Granted the lever would have to be longer than the diameter of the earth's orbit probably, and a place to stand would have been well in outer space! But let's not be picky.
The simplest machines in general terms can be defined, or specified as the simplest of devices or mechanisms that apply the law of leverage (mechanical advantage) to convert or multiply the input force, to change the direction or magnitude of the output force.
Simple machine make use of a singular applied force (input) to operate against a single applied load (output). Simplifying and ignoring any frictional losses, simply put - the work done on the load (the output) is equal to the work done by the applied force (the input).
This Mechanical Advantage can be used to increase the amount of the output force, at the cost of a proportional decrease in the distance moved by the load. The ratio of the output to the input force is called the mechanical advantage.
Usually the term refers to the six classical simple machines which were defined by Renaissance scientists. But more often than not in recent times, machines made up from combinations of the six basic simple machines are also included. That's progress for ya!
The six simple (classic) machines are; They are the elementary "building blocks" of which all complicated machines are composed. For example, wheels, levers, and pulleys are all used in the mechanism of a bicycle.
In the 20th century, a realization that at least one machine, the hydraulic press, had been left out of the simple category and arguments that some of the six classical devices can be considered as modifications of others, has led some modern sources to avoid specifying any list of simple devices as "basic".
Nevertheless, the above six are what is usually meant by "simple machines" and are still regarded as the foundation of mechanical technology, although the only reason for preferring this list to others is tradition.
The most basic of machines fall into two classes; those dependent on the vector resolution of forces (inclined plane, wedge, screw) and those in which there is an equilibrium of torques (lever, pulley, wheel).
A bit of basic machine history:
He studied the "Archimedean" simple type machines, this was the lever, pulley and screw, the Archimedes screw named after him of course. He discovered the principles of a mechanical advantage using the lever.
The findings of his understandings were limited to the static balance of forces. As such did not involve the (now obvious) trade-off between force and distance moved.

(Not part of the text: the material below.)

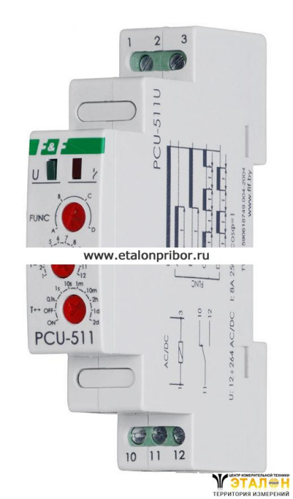 Реле времени PCU-511U 12-264В AC/DC 8А IP20 многофункциональное монтаж на DIN-рейке 35мм

Heron of Alexandria (ca. 10–75 AD) lists five mechanisms with which a load can be set in motion in his work Mechanics. These were: winch, lever, pulley, wedge, and screw.
During the Renaissance period, the classic five basic machines (excluding the wedge) began to be studied as a group. However, the complete dynamic theory (we know today) of simple machines was worked out by Italian scientist Galileo Galilei, in 1600 in Le Mecca-niche ("On Mechanics").
Galileo Galilei, (born 15 February 1564 to 8 January 1642) was a Tuscan Italian physicist, mathematician, astronomer, and philosopher who played a major role in the scientific revolution.
He was the first to grasp the concept that simple/basic machines do not create energy, only transform it. But none the less could actually amplify the input energy to achieve 'movement on a larger load than would otherwise be possible. Simple machines were all being used commonly for hundreds of years even before Leonardo De Vinci's time. The classification theory is that each machine makes work easier by utilizing some kind of trade-off between the input force applied and the output distance over which the input force is applied.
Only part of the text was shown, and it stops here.